Project proposals for 2016:

Equity Exchange

Earlier suggestions

Option 1:

Indy Community Framework

‘Independent’ or ‘Indy’ game development has become an exciting and sometimes successful area. Many people are involved and some of the most successful new properties in the games industry are forged in this area. Projects are often developed by people meeting through forums and never meeting face to face. Often designers will seek programmers and artists to execute sections of their projects, and turn to sites such as Kickstarter to find external funding to cover these costs, or need to invest their own earnings and savings to do so.

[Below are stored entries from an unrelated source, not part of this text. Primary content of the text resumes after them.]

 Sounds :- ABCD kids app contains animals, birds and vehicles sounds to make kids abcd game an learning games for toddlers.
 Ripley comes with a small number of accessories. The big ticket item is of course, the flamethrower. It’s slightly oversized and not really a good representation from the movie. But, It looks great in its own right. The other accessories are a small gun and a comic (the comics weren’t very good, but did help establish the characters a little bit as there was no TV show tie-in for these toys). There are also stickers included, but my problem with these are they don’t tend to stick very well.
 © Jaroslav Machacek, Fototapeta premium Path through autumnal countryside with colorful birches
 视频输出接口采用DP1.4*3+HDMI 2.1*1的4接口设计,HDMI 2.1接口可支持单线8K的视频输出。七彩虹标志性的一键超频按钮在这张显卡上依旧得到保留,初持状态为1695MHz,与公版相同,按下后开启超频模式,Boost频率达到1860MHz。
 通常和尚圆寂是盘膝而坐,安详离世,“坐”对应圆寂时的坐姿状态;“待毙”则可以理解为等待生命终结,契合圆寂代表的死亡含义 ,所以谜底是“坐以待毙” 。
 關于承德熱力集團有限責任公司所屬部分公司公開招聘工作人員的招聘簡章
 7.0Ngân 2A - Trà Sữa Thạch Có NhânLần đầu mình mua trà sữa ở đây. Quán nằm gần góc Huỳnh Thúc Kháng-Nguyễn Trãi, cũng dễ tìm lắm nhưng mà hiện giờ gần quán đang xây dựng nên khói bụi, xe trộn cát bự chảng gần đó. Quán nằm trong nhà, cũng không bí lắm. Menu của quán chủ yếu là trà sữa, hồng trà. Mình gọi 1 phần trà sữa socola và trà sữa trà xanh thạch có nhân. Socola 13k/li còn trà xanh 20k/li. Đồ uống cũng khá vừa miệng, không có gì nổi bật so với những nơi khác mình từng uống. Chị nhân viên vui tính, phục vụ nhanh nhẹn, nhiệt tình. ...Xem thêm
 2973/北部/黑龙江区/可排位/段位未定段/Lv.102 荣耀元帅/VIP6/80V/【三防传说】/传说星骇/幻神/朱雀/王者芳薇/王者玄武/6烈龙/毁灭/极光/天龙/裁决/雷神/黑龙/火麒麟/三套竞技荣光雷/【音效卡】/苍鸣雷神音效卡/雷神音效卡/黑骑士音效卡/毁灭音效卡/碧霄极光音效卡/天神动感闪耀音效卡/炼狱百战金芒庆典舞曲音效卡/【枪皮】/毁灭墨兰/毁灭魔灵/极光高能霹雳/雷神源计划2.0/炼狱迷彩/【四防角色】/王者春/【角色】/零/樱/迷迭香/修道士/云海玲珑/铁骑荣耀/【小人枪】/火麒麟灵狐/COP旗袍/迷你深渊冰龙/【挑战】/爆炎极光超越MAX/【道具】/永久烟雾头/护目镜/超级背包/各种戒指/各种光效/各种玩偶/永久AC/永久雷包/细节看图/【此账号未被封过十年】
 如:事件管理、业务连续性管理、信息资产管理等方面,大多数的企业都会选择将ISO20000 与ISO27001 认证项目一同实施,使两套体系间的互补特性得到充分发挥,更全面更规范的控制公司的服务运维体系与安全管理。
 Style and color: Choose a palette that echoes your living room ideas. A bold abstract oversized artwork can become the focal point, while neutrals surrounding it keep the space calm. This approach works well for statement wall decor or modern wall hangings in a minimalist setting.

The difficulty in this, is that when there are successes it can make it difficult for projects to fairly represent all their contributors in it’s success without complicated arrangements. Students are asked to consider if they can build a framework to bring together a community of developers and content creators to support their work together, and match the needs and the providers and possibly also automate the tracking and ‘share’ of work done by each party in a project, allowing finances to be split representatively between the creators, allowing content providers a more exciting participation and risk taking involvement, while knowing that should the project succeed they have a clear entitlement to an amount of returns relative to the success of the project, rather than a flat rate for their hours.

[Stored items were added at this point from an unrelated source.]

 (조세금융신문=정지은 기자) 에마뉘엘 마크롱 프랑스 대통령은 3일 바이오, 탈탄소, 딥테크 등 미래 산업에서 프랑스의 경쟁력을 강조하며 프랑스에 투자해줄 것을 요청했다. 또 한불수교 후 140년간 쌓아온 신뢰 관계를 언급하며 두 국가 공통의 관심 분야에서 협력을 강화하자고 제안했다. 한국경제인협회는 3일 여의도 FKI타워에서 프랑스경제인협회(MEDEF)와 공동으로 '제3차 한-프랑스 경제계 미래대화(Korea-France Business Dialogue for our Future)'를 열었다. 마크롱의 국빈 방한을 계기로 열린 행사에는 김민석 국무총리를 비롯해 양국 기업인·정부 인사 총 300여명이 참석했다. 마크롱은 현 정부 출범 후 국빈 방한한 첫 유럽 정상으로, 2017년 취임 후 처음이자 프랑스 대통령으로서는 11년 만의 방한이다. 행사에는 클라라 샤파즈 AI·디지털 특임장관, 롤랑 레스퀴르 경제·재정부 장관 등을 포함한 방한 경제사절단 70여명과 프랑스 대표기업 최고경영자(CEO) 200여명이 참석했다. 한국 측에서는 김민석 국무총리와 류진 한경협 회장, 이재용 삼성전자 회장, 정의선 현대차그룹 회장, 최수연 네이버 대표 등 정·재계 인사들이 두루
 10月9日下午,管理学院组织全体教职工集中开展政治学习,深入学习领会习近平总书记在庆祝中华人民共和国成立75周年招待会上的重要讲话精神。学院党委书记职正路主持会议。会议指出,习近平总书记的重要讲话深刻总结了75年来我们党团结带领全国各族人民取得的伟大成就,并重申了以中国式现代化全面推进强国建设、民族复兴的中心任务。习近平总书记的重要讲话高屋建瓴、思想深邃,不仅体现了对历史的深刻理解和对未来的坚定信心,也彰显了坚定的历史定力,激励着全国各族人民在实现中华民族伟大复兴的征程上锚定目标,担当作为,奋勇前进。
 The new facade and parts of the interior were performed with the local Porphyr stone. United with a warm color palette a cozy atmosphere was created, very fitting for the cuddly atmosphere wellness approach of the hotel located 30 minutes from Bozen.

Some careful consideration must go into how project assets are valued (How many ‘points’ are agreed suitable for a certain job) and how can the framework support the group in making and communicating these details.



Option 2:

Interior Environment Creation

A constant difficulty in a large number of types of video games is the effort required in building suitable play environments, especially interior spaces, whether it be buildings, space ships, or other player explorable areas. Whilst for natural terrain many suitable automatic generation solutions exist, interior spaces, particular with some kind of functionality and utility services, such as power and water, are much harder to generate usefully. To further complicate the problem most games benefit from their terrains undergoing some design control to funnel play in a particular direction. Your challenge is to produce a software tool that allows the automatic creation of 3d interior spaces, giving some level of design control to the results, to allow them to be reshaped by a designer. Results should be viewable in 3d in a package or format of your choice. While the output is not required to rival the current range of latest games software, the system should be extensible to improve its level of output quality.


Option 3:

With this one I wanted to consider the potential in doing something with the more modern aspects of game development which are arising as concerns for developers at this point.

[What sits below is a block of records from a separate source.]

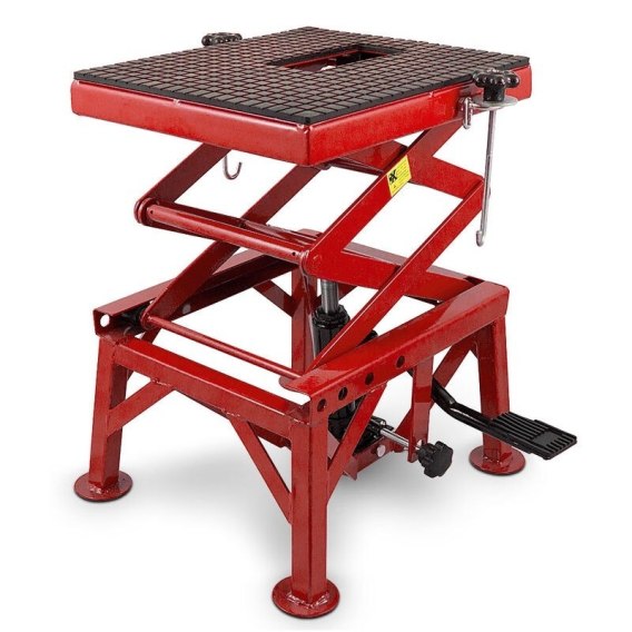 Podnośnik nożycowy warsztatowy dla motocykli i quadów. Idealny do serwisowania i napraw. Sprawdzi się w garażu jak i zarówno w profesjonalnym warsztacie. Podnośnik posiada 3 -stopniową regulację wysokości (60 cm, 75cm i 87 cm), pedał umożliwia zablokowanie na pożądanej wysokości. Platforma wyściełana jest gumą co zapewnia stabilną pozycję podnoszonego przedmiotu.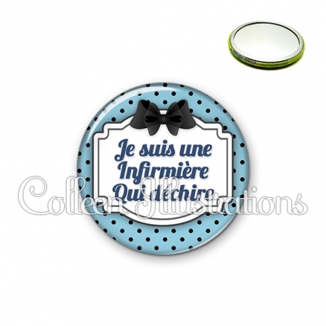 Miroir simple avec dos métallique décoré d'une image fantaisie et texte.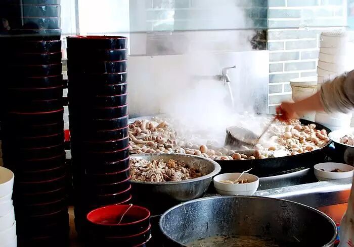 对了,一定要加上一份冒节子。节子是一段打了节的肥肠,在饱浸汤汁后变得胀胀鼓鼓,咬的时候要小心汁水飞溅出来。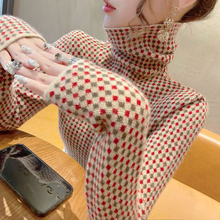 针织打底衫 品牌高级感羊毛衫 女半高领宽松毛衣秋冬加厚羊绒长袖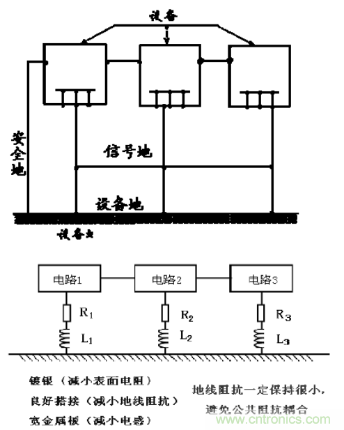 (3)噪聲和干擾抑制:對內部噪聲和外部干擾的控制需要設備和系統上的許多點與地相連,從而為干擾信號提供最低阻抗的通道。

The two things I was considering were either looking at asking the students to produce something utilising multi-context rendering, as supported in Direct12. This would be a very focused technical project, and there are an almost infinite number of directions and applications this would take, but generally it would revolve around 'what bits of a render pipeline can be run together and how do we shuffle things to make it useful'.

The second was the potential of asking students to look at using OpenCL to parallelise route finding, and character logic, ( or some other essential game service which is quite heavily intertwined with the turn over of a running product ).

With these options I've been mulling them over and umming and arring about whether they would be appropriate, or just 'too dry' or involved as they may well not produce an exiting 'resulting app' given the time restraint for the project, and are mostly performance related projects.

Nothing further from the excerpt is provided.